Wednesday, August 03, 2005

The fanfic which dare not speak its name

One of my army of gorgeous female admirers asks in an e-mail:

"I see more manga porn than manga anything else. Could that possibly have something to do with the sales volume?"

Hmm...good question! I'm not especially knowledgable on manga, but I can imagine a number of possible reasons for this.

For one thing...to the general public, western comics are defined by their recognizable characters; manga is recognized by an artistic style. That gross oversimplification would cause a million comics and manga fans to puke their guts out, but I hope you know what I mean! When it comes to pornographic drawings, you can identify it as "manga" relatively simply by giving the girls big eyes and tiny noses and little pointy chins. By contrast, to define something as western comics porn, you'd have to have Wonder Woman or Supergirl or something.

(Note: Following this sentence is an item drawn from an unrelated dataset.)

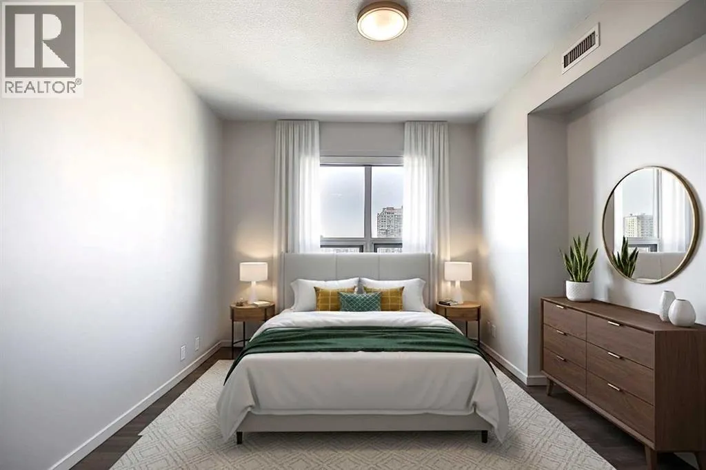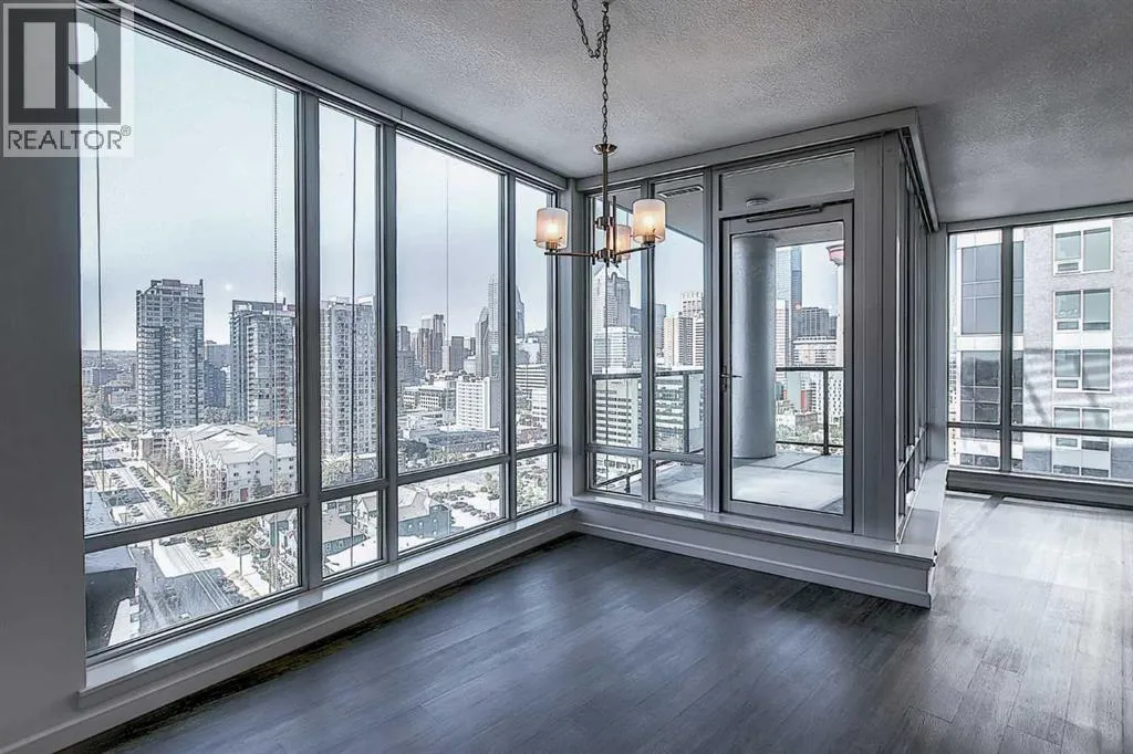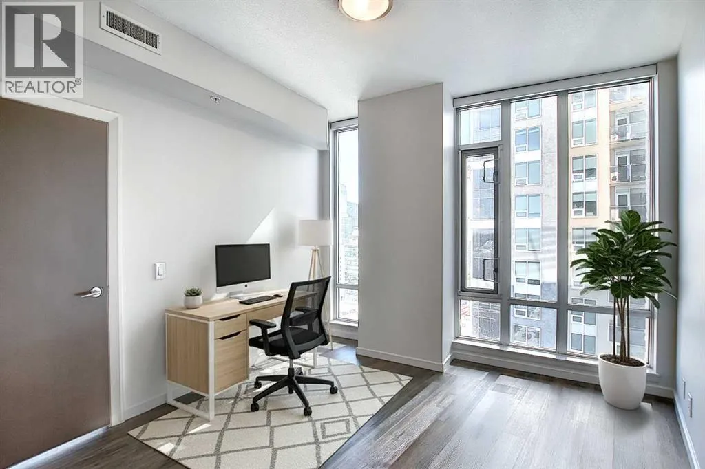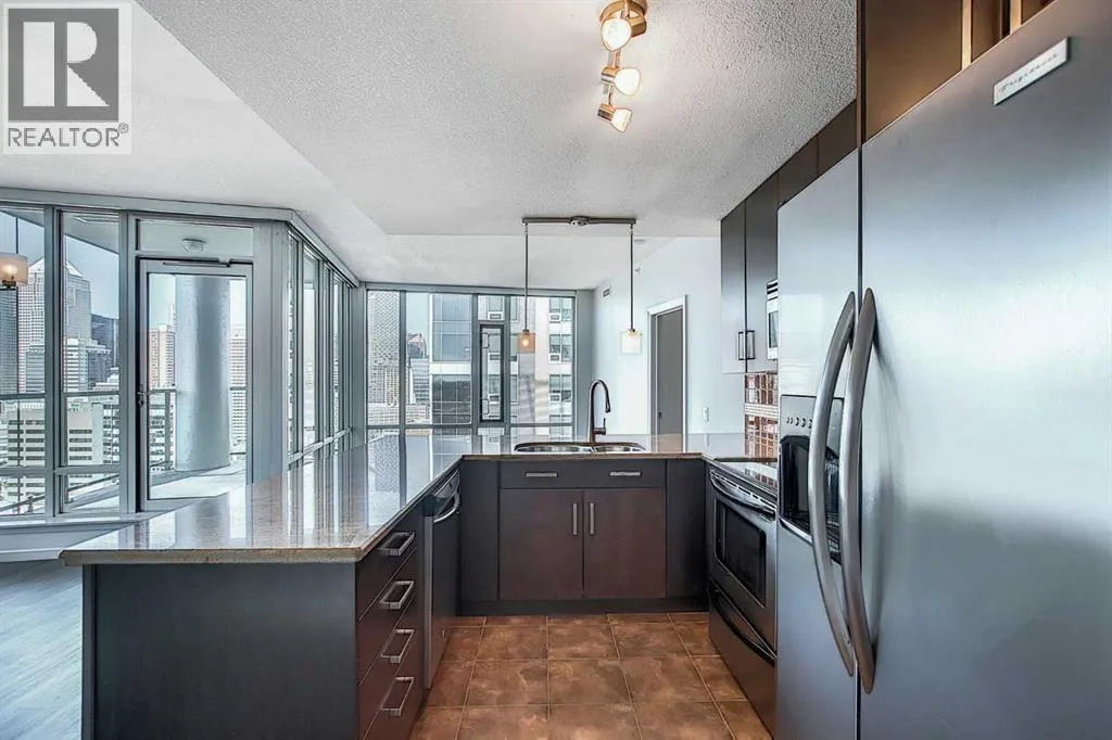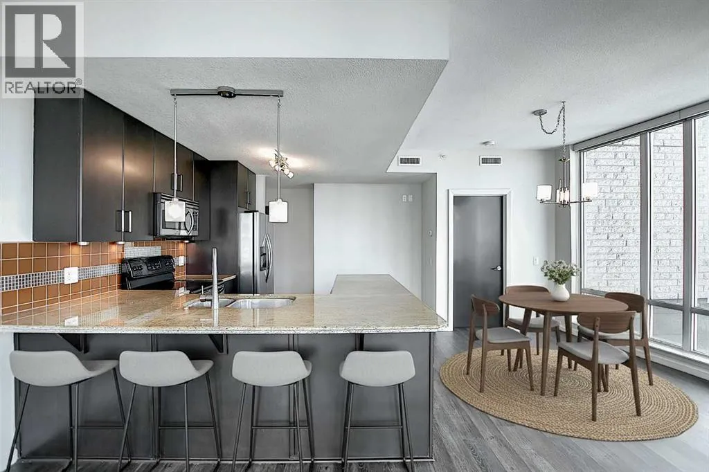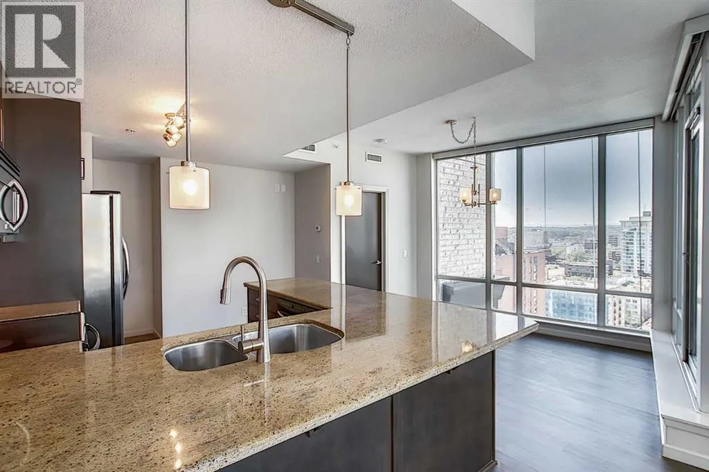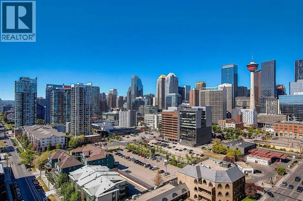 Exceptional 16th-Floor Unit with Breathtaking Panoramic Views! This beautifully appointed unit on the 16th floor offers stunning, uninterrupted views of both the mountains and downtown skyline. Ideally situated within close proximity to the LRT and the MNP Community & Sport Centre, this residence combines convenience with luxury. The upgraded interior features high-quality finishes, including maple cabinetry, granite countertops, stainless steel appliances, luxury vinyl flooring, tile, and floor-to-ceiling windows that maximize natural light and panoramic vistas. The entryway includes a walk-in coat closet with custom built-in storage for added organization. A dedicated home office area is integrated into the layout, complete with a granite work surface. The in-suite laundry room offers additional storage space for everyday practicality. The generously sized second bedroom enjoys remarkable views and includes a walk-in closet with a convenient cheater door leading to a well-appointed bathroom featuring a large walk-in shower. The kitchen, with its modern design, opens seamlessly to the dining and living areas, creating an ideal space for entertaining. The private balcony extends the living space outdoors, offering an excellent setting for barbecuing or simply taking in the spectacular scenery. The comfortable living room provides an inviting atmosphere for relaxation and social gatherings. The primary bedroom is a peaceful retreat, showcasing expansive views and a walk-through closet that leads to a luxurious four-piece ensuite bathroom. Residents also enjoy access to a well-equipped amenity center, which includes an exercise room, hot tub, sauna-equipped dressing rooms, a gathering space with pool table, theater room and patio access, one being the rooftop! Additional features include assigned storage and one titled parking stall. Located just a couple of blocks from the Stampede Grounds and the C-train station, this prime location offers easy access to downtown am enities, dining, entertainment, and much more. Book your showing and come on Buy! (Current tenant willing to stay if looking for an investment property. The photos are from previous now tenant occupied) (id:27476)

That said, there IS a large "superheroine porn" subculture out there. I don't know how many people would recognize my current Tribe avatar as a character from a Disney Channel cartoon show called "Kim Possible" -- watch it sometime, it's awesome! -- but I recently discovered there are several webrings devoted to advocating/speculating on/depicting sexual relations between Kim and her adversary, the supervillainess Shego. I read some of the fanfic out of curiosity -- honest, officer, it was purely for research purposes -- and the funny thing was that it wasn't what I expected: crass male exploitation of wanting to see two hot chicks getting it on. These were mostly female fans, a la the Kirk/Spock subculture, and they really are FANS of the show; their erotica was created out of love for the characters. Perverse scary love, perhaps, but real affection nonetheless.

Which brings me to the next point: you see more manga porn than manga anything else because there's more porn anything than anything else. This is especially true for anything genre. All those authorized Star Trek series and movies and books and comics, numerous as they are, would be buried under the vast avalanche of ST porn. For all its bad reputation, there's something inherently cool about the idea of fan fiction to start with: instead of merely being passive consumers of corporate-produced entertainment, fans want to claim their favorites as their own to do with as they please.

That so much fan-created work is erotic and/or pornographic isn't an accident, and isn't solely because these fans are sexually frustrated; it's also that the culture is tangled in a lot of hypocrisy and mixed messages about sexuality, and the product put out by the mass media is simultaneously titillating AND denuded of overt real sex, owing to "standards of local decency" and the complaints of moral watchdog groups. We all know the Disney Channel is NOT going to show Kim Possible losing her virginity, or suggest that Shego might have Sapphic tendencies, so fan fiction depicting this automatically becomes more illicit -- and correspondingly more attractive -- but it's also a way of adding a kind of "realism" in some sense. The Star Trek series might tease their viewers with Seven of Nine or T'Pol in a tight leotard; the fans resolve the tension between the implied sexuality and lack of actual depicted sex by writing erotic stories. Or Photoshopping fake nude photos of Jeri Ryan and Jolene Blalock. (Look, the real world isn't a pretty place.) By contrast, I don't think anyone writes erotic fanfiction about porn stars. I could be wrong about that.

And finally: yes, there's a lot more sexually explicit manga to start with. Japan didn't have the artificially mandated definition of comics being for kids that we had imposed on us in America by Estes Kefauver (acting on the well-intentioned but seriously misguided guidance of Dr. Wertham) which led to the Comics Code and the eradication of comic books aimed at grownups for decades. For the Japanese, comics were a medium instead of a children's genre, so there was always adult stuff and porn widely available even as our stuff was being censored. Some of the stuff published in the States before the Comics Code came along was surprisingly risque -- and lurid, and violent, and gross -- and if American history had gone a slightly different way, "adult" comics might be as widespread here as Harlequin romances are.

Did I answer the question at all in the above rambling? I have no idea.